この問題は容易と思えるかもしれない。つまり、認識を引き起こすのは、カントが言うとおり目の前の「対象」である、と考えられるからである。

しかしカントは、「対象」として我々が経験しているものは「現象」であると述べている。[3] すなわち「対象」は、そう認識されている時点で、すでに「現象」なのであって、この「現象」こそ、いま成立原因を問われている当のものなのである。

したがって「現象」である「対象」が「認識を喚びさます」と述べるカント自身の言明が、この問題を最初から循環に陥れているといえる。

次に考えられるのは「物自体」である。カントは「現象の根底に存すると思われるところの物自体」(B66)、「物自体の現われであるところの現象」[4] などと、物自体を認識の触発体と解釈しうる言明を行っている。

しかし物自体を現象の原因とみることは、超越である物自体が、内在である我々の主観機能に作用するとすることであり、「関係性」を含む悟性カテゴリーの制約を免れているはずの物自体概念の矛盾であることが古くから指摘されていた。[5]

これに関連して、「物自体なくしてはカント哲学に入りえず、しかし物自体を前提してはカント哲学にとどまることができない」との同時代人F.H.ヤコービの文言もよく知られている。

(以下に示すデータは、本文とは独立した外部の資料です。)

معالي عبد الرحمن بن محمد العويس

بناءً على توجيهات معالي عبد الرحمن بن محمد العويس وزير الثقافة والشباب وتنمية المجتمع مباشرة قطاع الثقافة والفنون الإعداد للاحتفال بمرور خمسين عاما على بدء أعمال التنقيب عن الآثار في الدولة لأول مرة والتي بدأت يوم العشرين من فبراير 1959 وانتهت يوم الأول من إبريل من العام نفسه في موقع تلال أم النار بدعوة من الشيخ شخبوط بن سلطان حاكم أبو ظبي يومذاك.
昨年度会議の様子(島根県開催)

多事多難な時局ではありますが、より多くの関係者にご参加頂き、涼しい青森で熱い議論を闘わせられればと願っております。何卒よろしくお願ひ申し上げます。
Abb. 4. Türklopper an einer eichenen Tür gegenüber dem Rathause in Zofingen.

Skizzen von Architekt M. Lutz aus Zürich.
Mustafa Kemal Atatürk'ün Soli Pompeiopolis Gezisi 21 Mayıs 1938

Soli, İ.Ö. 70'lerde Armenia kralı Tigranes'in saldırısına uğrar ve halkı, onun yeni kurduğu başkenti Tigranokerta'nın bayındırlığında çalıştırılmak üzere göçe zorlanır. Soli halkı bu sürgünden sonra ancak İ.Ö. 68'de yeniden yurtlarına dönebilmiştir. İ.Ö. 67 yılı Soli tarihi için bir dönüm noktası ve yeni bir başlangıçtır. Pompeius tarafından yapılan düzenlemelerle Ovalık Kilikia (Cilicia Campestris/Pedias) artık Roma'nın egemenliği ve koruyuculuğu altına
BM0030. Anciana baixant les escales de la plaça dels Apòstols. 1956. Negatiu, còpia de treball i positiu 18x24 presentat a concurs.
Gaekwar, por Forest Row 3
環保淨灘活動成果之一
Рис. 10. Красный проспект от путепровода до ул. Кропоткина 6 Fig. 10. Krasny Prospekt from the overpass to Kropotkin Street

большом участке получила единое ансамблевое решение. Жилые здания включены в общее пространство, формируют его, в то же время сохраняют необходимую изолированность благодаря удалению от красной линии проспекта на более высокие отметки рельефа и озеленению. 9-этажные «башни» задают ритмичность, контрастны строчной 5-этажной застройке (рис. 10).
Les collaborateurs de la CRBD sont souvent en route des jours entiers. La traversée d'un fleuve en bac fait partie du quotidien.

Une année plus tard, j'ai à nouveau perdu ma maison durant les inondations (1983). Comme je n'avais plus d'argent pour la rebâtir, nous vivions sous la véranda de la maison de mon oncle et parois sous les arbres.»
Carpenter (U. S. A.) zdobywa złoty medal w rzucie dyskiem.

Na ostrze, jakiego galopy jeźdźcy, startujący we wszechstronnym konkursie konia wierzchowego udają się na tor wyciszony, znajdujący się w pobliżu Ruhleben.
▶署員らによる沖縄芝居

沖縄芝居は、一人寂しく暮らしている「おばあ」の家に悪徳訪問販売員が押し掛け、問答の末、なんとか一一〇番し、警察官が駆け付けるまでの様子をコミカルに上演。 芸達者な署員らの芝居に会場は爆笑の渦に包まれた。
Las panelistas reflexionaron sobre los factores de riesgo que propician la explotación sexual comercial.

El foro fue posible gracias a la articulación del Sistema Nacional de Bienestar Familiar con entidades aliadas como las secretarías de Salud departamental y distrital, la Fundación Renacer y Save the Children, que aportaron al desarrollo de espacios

また岩崎は「物自体が)我々の外にあるということはすでに空間規定を含んでいると言わねばならない。それ故我々の外にある物自体が感性を触発するという考えは自己矛盾を含んでいる」[6] と、「超越論的感性論」の直観規定による矛盾を指摘する。

こういった循環や矛盾を避けるために「二重触発」という考えが提出されることになった。これは触発の場面を、はじめから超越と内在に分けることで、超越から内在への関与という困難をとりあえず回避するものである。

そこでは触発する側も、触発される側も二重化され、「超越的触発においては物自体が自我自体を触発し、経験的触発では現象としての対象が経験的自我を触発する」とされる。[7]

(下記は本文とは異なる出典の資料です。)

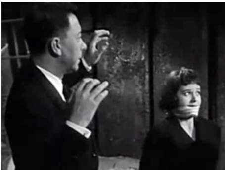
1957 LES VIOLENTS d'Henri Calef avec Paul Meurisse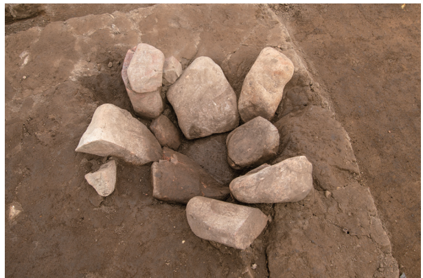
SI33 配石状況 (西より)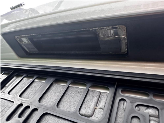
1.1 Skiltlys bak byttet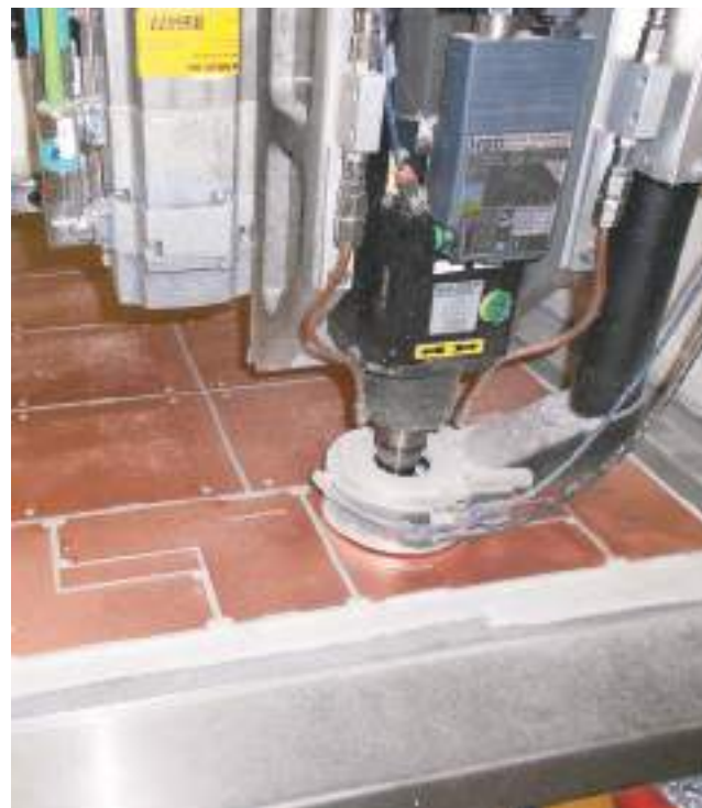
Circuits imprimés usinés sur place.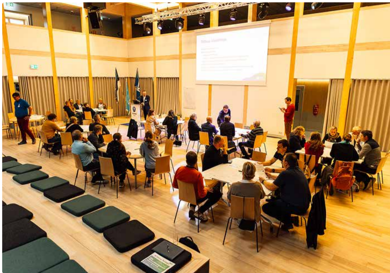
Ettevõtluse töötoas osales suur hulk viimsilasi.

• A-stsenaariumi kohaselt ammentub piirkondlikult ühtlasem konservatiivne rahvastikukasv 2036. aastaks ja ettevõtteid ning töökohti lisandub valla territooriumile hajusalt üksikute kinnistute kaupa. Püsib tugev igapäevaelu loimetus pealinnapiirkonnaga, säilib suur tööränne.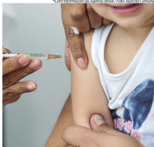
*Com informações da Agência Brasil

Em nota, a Fiocruz informou ainda que a pesquisa não conseguiu determinar se o imunizante reduziu hospitalizações e óbitos em razão do baixo número de participantes que desenvolveu quadros graves de covid-19. Profissionais de saúde foram priorizados na vacinação contra a covid-19 e as doses reduzem casos graves e mortes.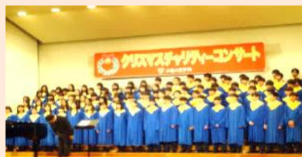
写真は昨年のものです。

この複雑化した二重触発論に対して、前掲書訳者である赤松常弘は「もはやカント哲学を逸脱していると断定せざるをえないが」と述べる。[8]

確かに、触発論は超越から内在への関わりを解こうとするものであるから、二重触発のように超越的触発、内在的触発という二種類の触発場面を設定することは、いずれ二つの触発場面同士の関わりが問われることが必然であり問題を先送りしただけといえる。

また触発論は、「自我自体」「現象としての対象」といった、触発の問題を解決するために考えられた概念によってではなく、可能な限り『純粋理性批判』における基本概念、すなわち「対象」「現象」「物自体」という三者において解かれねばならないものであるだろう。

触発論は、カントが示す、物自体の現象への関与という考えを保持する意図を持つものであり、物自体を『純粋理性批判』の不整合とみて体系から取り除く、あるいは物自体の不可知性ををカントの失策とするなどの解釈方針に対抗するものである。『純粋理性批判』に踏みとどまり、カントの考えを深く捉えようとする意図において、触発論も二重触発説も支持されるべき面を持っている。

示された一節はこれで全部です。